Whitechapel Gods
- Author: S. M. Peters
- Cover artist: Cliff Nielsen
- Language: English
- Genre: Science fiction
- Publication date: 2008
- Publication place: United States
- Media type: Print (Paperback)
- Pages: 384
- ISBN: 978-0-451-46193-3

= Whitechapel Gods =

2008 novel by S. M. Peters

Whitechapel Gods is a 2008 Canadian Clockpunk/retro-futuristic novel written by S. M. Peters. It was first published on February 5, 2008, through Roc Books.

==Background==
Whitechapel Gods is the debut novel of Canadian school teacher Shawn Peters who was living in Kamloops, British Columbia, at the time of writing. The premise for the novel was inspired by a computer glitch that Peters encountered that was interfering with his work. The glitch led him to consider whether the machine was working for him or if he was working for the computer. Peters wrote the novel in less than a year and sold it to a publishing agent while attending an international writers conference.

==Synopsis==
The book is set in Victorian London where its inhabitants are shut off from the outside world by two mysterious and mechanical deities, Mama Engine and Grandfather Clock. The humans had tried and failed to rise up against the Boiler Men that oppress them, an attempt that cost several lives. In the meantime a strange disease has begun to progress across the remaining people, slowly turning them into machines.

==Reception==
Critical reception has been mixed.

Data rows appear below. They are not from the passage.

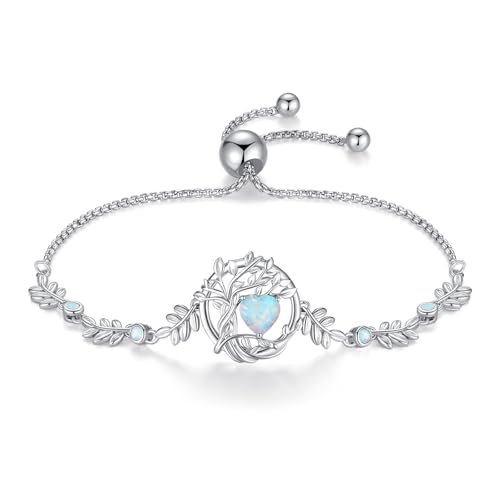 FANCIME Tree of life Opal Bracelet for Women Sterling Silver Tree Jewellery October Birthstone Gemstone Anniversary Birthday Christmas Gifts for Mom Girls Her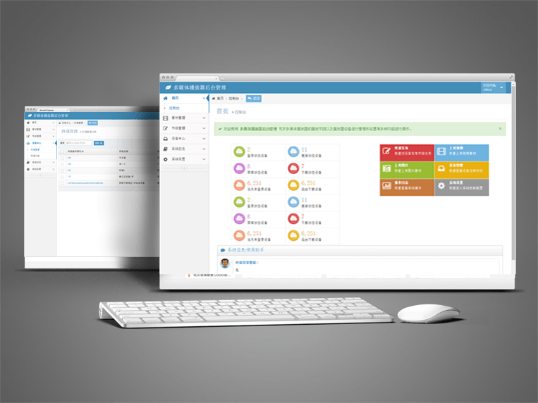 管理后臺(tái)提供節(jié)目發(fā)布、素材管理、播放器管理、操作日志記錄等等功能。同時(shí)支持對(duì)播放器遠(yuǎn)程管控,遠(yuǎn)程發(fā)送節(jié)目等等功能。
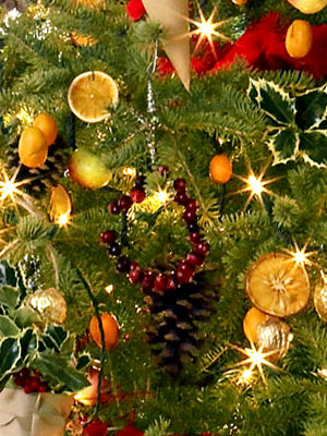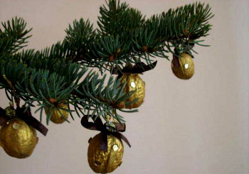 В ход можно пустить еловые шишки, желуди и каштаны, собранные осенью в лесу, их можно покрыть блестками, которые затем закрепить строительным лаком. Кроме того можно изготовить бумажные гирлянды из плотной цветной бумаги или засушить кружочки апельсина. Также зеленую красавицу необходимо украсить светящимися, уличными гирляндами. А под елочкой можно поставить символические подарки — красиво упакованные картонные коробки.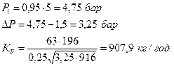 Р1 =0,95Р; Р1 - абсолютний тиск пари перед калорифером,бар, тобто на колекторі камери переважно задається, або береться за даними виробництва; Р2 - абсолютний тиск конденсату після конденсатовивідника, (тиск в конденсаційній магістралі 1,5 бар).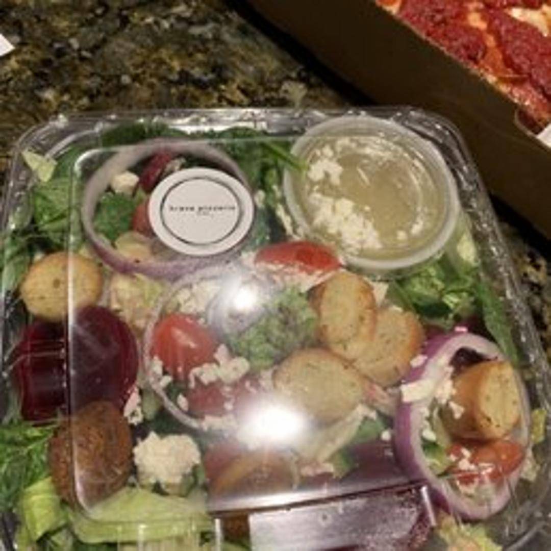 A refreshing salad with crisp lettuce, tomatoes, cucumbers, red onion, Kalamata olives, feta cheese, and a tangy Greek vinaigrette dressing.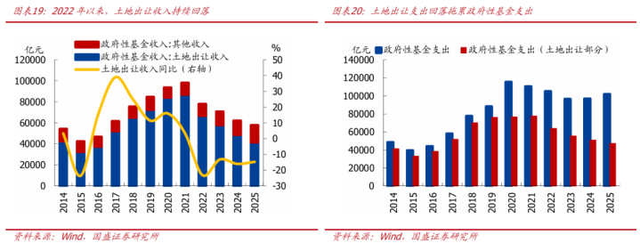 中本性形下,地盘出让收入可能同比下滑8300亿,负担一般财政收入1250亿。如前所述,预算草案预测地方政府性基金收入5.26万亿、与上年基本持平。但研讨到房地产市集偏弱、监管新政等成分影响,推行收入有低于预期的可能性。若是参考2024-2025年地盘出让收入下滑幅度(约15%),相通新政对地盘财政扩展的敛迹,假定2026年地盘出让收入下滑20%,则对应年内地盘财政收入约3.32万亿,较旧年下滑8300亿;对一般财政而言,按照15%的调入来算,可能影响一般财政收入1250亿。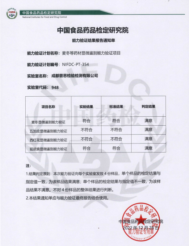 普思生物順利通過中檢院藥材顯微鑒別和含量測定兩項能力驗證

The Library Journal gave Whitechapel Gods a favorable review, writing "Peters's first novel evokes the grittiness of industrial dystopia, adding an element of the supernatural that gives an eerie twist to a familiar venue." Steampunk Magazine gave it a mixed review, praising Peters' world building while criticizing the work for its depiction of women, stating that there were only three female characters, one of which was "either being noted for her unladylike behavior or a helpless pawn of the Bad Guy, and when she finally gets the revenge she’s spent the whole book seeking she’s treated like a madwoman." They went on to state "Of the other two women who contribute to the plot, one is a generic Evil Woman with no character development of any kind, and one is a machine-deity whose biggest contribution to the plot is having an “affair” with the Bad Guy which is written more like a sexual assault."